Медсанбат, отправка в Ленинград в запасный полк. Достал очки и — снова в строй. Теперь уже на передовую под Пулково. Осенью перебросили нашу часть под Невскую Дубровку, бои за Невский пятачок, Карельский фронт, где было относительно тихо. Снова под Ленинград, за Неву. Это было уже в начале 1943 года, бои по прорыву блокады, Синявские болота, снятие блокады.
А в это время на оккупированной немцами территории, в моем родном селе Должино, в 300 километрах от Ленинграда, была создана подпольная организация, часть большой агитационно-разведывательной организации, созданной из сельских активистов, передовых сознательных людей по решению Ленинградского обкома партии. Возглавлялась она коммунистом Васькиным Павлом Афанасьевичем.
В эту организацию вступила моя мать, учительница Васильева Нина Павловна, и мой брат, тринадцатилетний пионер Миша Васильев. Многое сделали подпольщики. Активно действовал мой младший братишка: собирал с другими ребятами оружие, переправлял наших бойцов к партизанам, ходил в разведку, приносил и расклеивал листовки, передавал ценные сведения о немецких войсках своему командиру.
Когда подпольную организацию предали, подпольщики были арестованы. Арестован был и Миша с матерью. Их привезли в районный центр, поселок Волот, и заперли в каменном неотапливаемом доме. Потом были страшные истязания и допросы. На глазах матери пытали Мишу, на глазах Миши пытали мать.
Но ни голод, ни холод, ни жестокие побои на сломили патриотов.
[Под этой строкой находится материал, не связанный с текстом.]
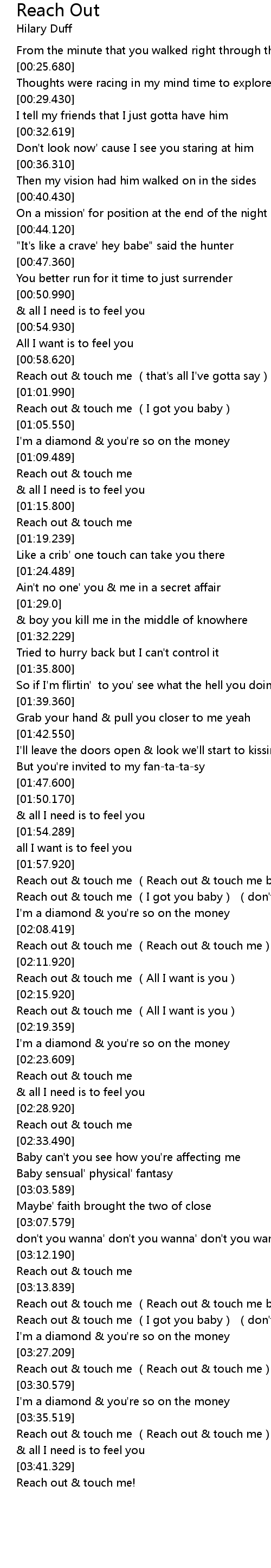 | [03:36.209] | Reach out touch me Reach out touch me |
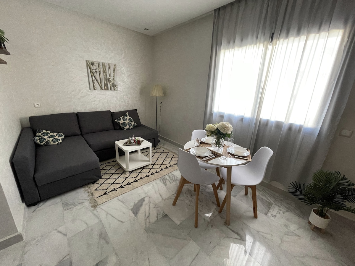 Ilova company is proud to offer this bright and fully equipped appartement on first floor of a quiet &secure neighborhood Mohammedia central. 5 mins drive to serene beaches & steps away from supermarkets, cafés, restaurants, train station, with easy access to major highways. Enjoy a modern living room with traditional Moroccan touch, fully equipped kitchen, balcony, 100 Mbps fiber-optic Wi-Fi, and adedicated workspace, perfect for remote workers. Free and secured parking is available. Book Now
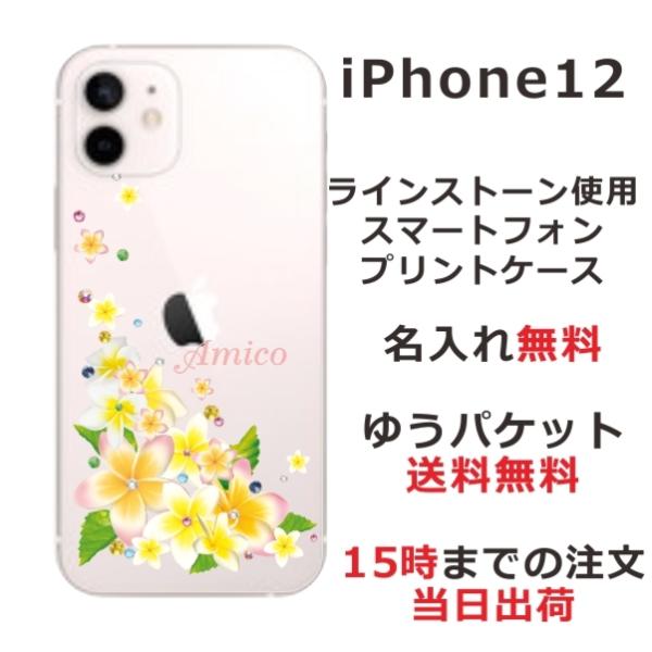 iPhone12 ケース アイフォン12 カバー ラインストーン かわいい フラワー 花柄 らふら 名入れ 押し花風 プルメリア
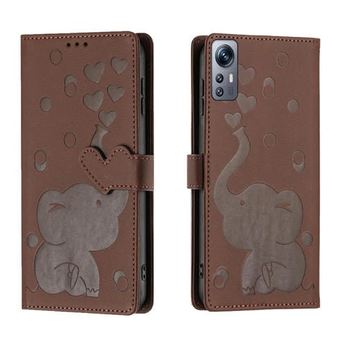 Funda de Cuero con Relieve de Elefante de Dibujos Animados para Redmi Note 12S 4G (Marrón)
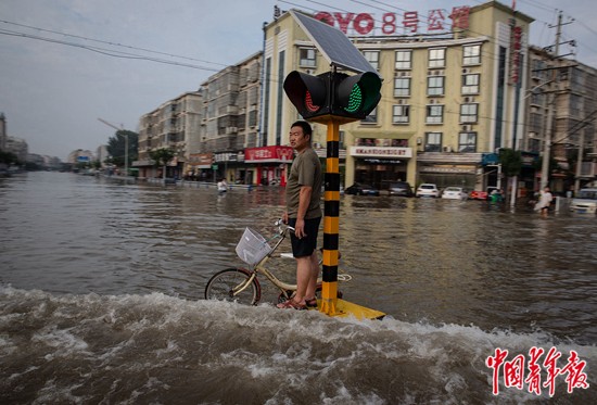 7月23日下午,河南省卫辉市街头,一位居民在积水中推车行进,中途在交通岗亭上停留。当日,卫辉市街道内涝严重。中青报·中青网记者 李峥苨/摄
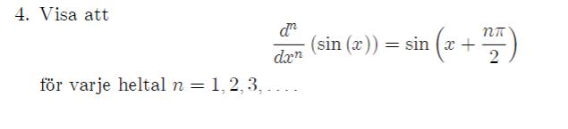 Tyvärr ser jag inte hela uppgiften, men jag håller med: på näst sista raden ska man skriva cos() istället för sin().
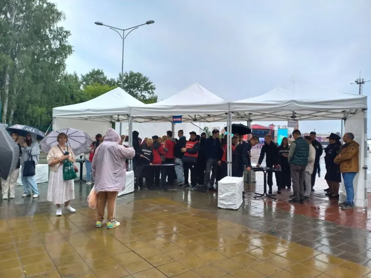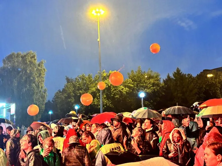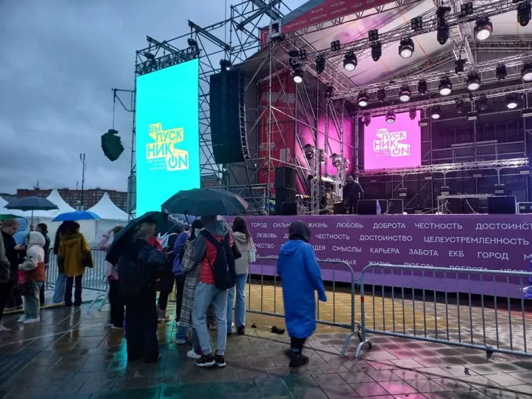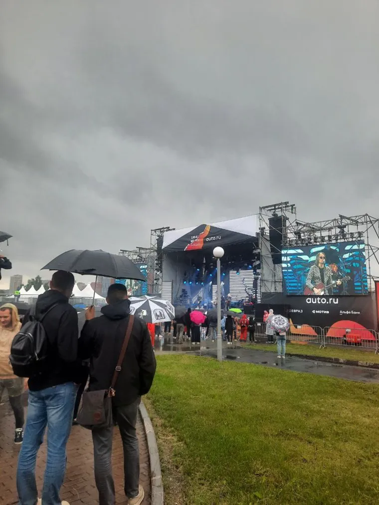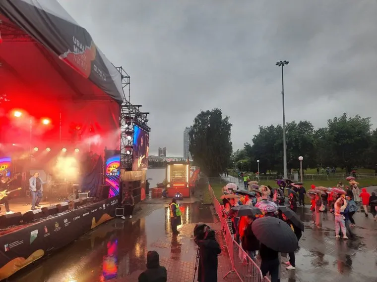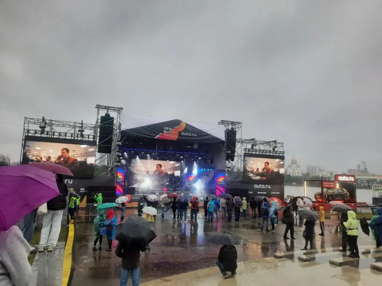 02:52 В Екатеринбурге после небольшой паузы вновь пошел дождь. Зрители вновь достали зонтики, но остались около сцены в ожидании завершающей акции.
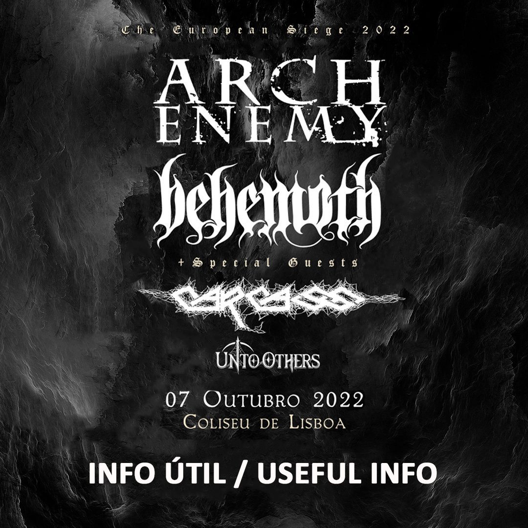 Depois de dois anos de paragem forçada pela pandemia e muita antecipação em relação a um hipotético regresso à normal actividade de concertos e digressões, é já na próxima sexta-feira, dia 7 de Outubro, que a The European Siege Tour faz uma muito aguardada paragem no Coliseu dos Recreios, em Lisboa. Encabeçada pelos suecos ARCH ENEMY e pelos polacos BEHEMOTH, e contando com os britânicos CARCASS e os UNTO OTHERS como bandas de suporte, esta rota tem estado a registar lotações esgotadas um pouco por todo o lado e promete ficar marcada na memória de todos os que comparecerem ao apelo de duas das propostas mais icónicas – e bem sucedidas! – que a música extrema tem hoje para oferecer. Os titãs do melodeath e os porta-estandartes de uma sonoridade que tanto vai beber ao death como ao black metal, juntam assim forças nesta rota em co-headlining sem precedentes, que tem como convidados especiais, as lendas britânicas do death metal CARCASS e os muito promissores norte-americanos UNTO OTHERS. Os bilhetes para o concerto custam 38€, e ainda estão disponíveis nos locais habituais e aqui. Em baixo podes consultar os horários das actuações e toda a informação necessária para assistires ao espectáculo em segurança.

Они понимали, что им спасения нет, но о товарищах по борьбе, о связях с партизанами так ничего и не рассказали врагу. Утром 4 февраля 1 942 года подпольщиков повели на расстрел… Поняв, что пришел конец, Нина Павловна обратилась к полицаям: «Убейте меня. Сына отпустите, ребенок ведь».
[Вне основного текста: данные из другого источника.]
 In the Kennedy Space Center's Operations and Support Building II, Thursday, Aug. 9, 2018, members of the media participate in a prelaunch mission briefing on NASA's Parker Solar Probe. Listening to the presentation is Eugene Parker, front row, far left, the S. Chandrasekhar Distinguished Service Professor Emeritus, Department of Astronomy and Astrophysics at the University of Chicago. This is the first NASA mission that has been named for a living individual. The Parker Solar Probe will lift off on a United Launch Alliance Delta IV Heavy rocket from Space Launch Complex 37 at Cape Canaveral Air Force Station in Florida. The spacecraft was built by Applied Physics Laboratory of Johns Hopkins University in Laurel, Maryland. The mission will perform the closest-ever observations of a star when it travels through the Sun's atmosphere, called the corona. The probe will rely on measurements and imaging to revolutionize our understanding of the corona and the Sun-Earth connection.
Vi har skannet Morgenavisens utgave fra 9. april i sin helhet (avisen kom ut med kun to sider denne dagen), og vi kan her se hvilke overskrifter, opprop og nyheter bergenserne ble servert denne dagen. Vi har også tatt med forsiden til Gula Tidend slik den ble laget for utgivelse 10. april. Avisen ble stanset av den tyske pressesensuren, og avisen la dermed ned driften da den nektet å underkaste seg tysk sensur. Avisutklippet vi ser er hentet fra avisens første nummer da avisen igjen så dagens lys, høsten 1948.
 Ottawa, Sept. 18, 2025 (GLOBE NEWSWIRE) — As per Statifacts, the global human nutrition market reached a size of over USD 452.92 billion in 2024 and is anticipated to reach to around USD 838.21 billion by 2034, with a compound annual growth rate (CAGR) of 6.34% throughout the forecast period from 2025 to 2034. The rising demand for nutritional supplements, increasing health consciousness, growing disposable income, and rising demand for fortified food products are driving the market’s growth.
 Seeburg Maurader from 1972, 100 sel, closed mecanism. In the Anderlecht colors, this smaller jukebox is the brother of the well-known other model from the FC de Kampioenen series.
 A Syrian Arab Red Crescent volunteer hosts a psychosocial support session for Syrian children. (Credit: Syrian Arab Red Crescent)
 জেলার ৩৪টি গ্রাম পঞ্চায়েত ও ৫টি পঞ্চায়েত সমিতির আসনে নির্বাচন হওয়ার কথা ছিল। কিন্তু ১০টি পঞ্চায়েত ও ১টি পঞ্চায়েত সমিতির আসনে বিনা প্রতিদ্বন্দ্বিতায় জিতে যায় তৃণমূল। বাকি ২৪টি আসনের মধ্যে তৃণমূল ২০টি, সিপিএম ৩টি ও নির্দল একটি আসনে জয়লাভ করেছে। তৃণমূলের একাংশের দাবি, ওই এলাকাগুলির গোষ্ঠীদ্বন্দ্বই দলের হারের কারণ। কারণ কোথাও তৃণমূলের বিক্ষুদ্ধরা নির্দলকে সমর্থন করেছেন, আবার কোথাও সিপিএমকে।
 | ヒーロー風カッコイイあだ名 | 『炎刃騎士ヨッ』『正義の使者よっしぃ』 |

«Пусть скажет, где скрываются партизаны, кто командир подпольной организации». Миша молчал. Тогда один из солдат оторвал его от матери и швырнул к глубокому сугробу. Мальчик вскочил и повернулся грудью к карателям. Раздалось два выстрела, и мальчик упал лицом в снег. (Лукин М. Подполье возглавлял Васькин. Л., 1986. С. 223).
Так оборвалась жизнь маленького патриота. В партизанском архиве я нашел кусок оберточной бумаги, на которой рукой Павла Васькина быв написан список членов подпольной организации. В ряду других была фамилия Васильев Михаил Александрович, пионер. Знавшие его потом сказали мне: «Он был меньше всех, а сделал больше всех».
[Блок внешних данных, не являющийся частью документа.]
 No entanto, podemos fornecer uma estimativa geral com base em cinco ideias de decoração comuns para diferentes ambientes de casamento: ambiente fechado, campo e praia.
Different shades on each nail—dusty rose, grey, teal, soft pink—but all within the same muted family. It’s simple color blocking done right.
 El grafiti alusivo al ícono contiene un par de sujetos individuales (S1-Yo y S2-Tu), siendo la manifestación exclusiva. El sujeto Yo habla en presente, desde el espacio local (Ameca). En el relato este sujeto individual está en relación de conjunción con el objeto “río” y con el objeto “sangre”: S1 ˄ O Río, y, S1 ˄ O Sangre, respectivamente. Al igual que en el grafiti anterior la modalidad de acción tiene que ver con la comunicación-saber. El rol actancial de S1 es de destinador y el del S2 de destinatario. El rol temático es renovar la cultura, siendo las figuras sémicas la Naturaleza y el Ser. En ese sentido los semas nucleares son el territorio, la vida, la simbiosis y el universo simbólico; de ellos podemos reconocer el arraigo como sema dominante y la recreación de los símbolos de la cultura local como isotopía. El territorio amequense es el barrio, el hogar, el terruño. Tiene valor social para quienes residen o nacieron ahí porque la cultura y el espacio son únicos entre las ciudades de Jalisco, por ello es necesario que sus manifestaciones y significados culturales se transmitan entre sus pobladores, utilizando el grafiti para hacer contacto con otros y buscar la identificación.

«За мужество и отвагу, проявленные в борьбе с немецко-фашистскими захватчиками, наградить Васильеву Нину Павловну орденом Отечественной войны I степени (посмертно), Васильева Михаила Александровича орденом Отечественной войны II степени (посмертно)» (Из указа Президиума Верховного Совета СССР от 10 мая 1965 года).
О гибели моих родных я узнал на фронте в начале 1944 года, когда мы гнали немцев от Ленинграда. Было очень тяжело читать письмо, в котором подробно писали мне очевидцы о борьбе подпольщиков и об их гибели…
Ничего не знал еще о старшем брате, все надеялся увидеть его после войны.
День Победы застал меня на острове Сааремаа, с которого мы десантом вышибли немцев. Возвратился в Ленинград и начал поиски своего старшего брата Владимира, но все безрезультатно. Наконец встретил товарища, с которым он уходил на фронт. Это был Саша Пацейко. Он с трудом узнал меня и грустно сказал: «Погиб Васька Буслай в первый же месяц под Ленинградом». Васька Буслай — так звали Володю за его большую физическую силу и смелость. Теперь мне стало ясно, что из всей нашей семьи в живых остался я один.
Источник: Блокадники Волгограда: Комитет по печати, 1996 г.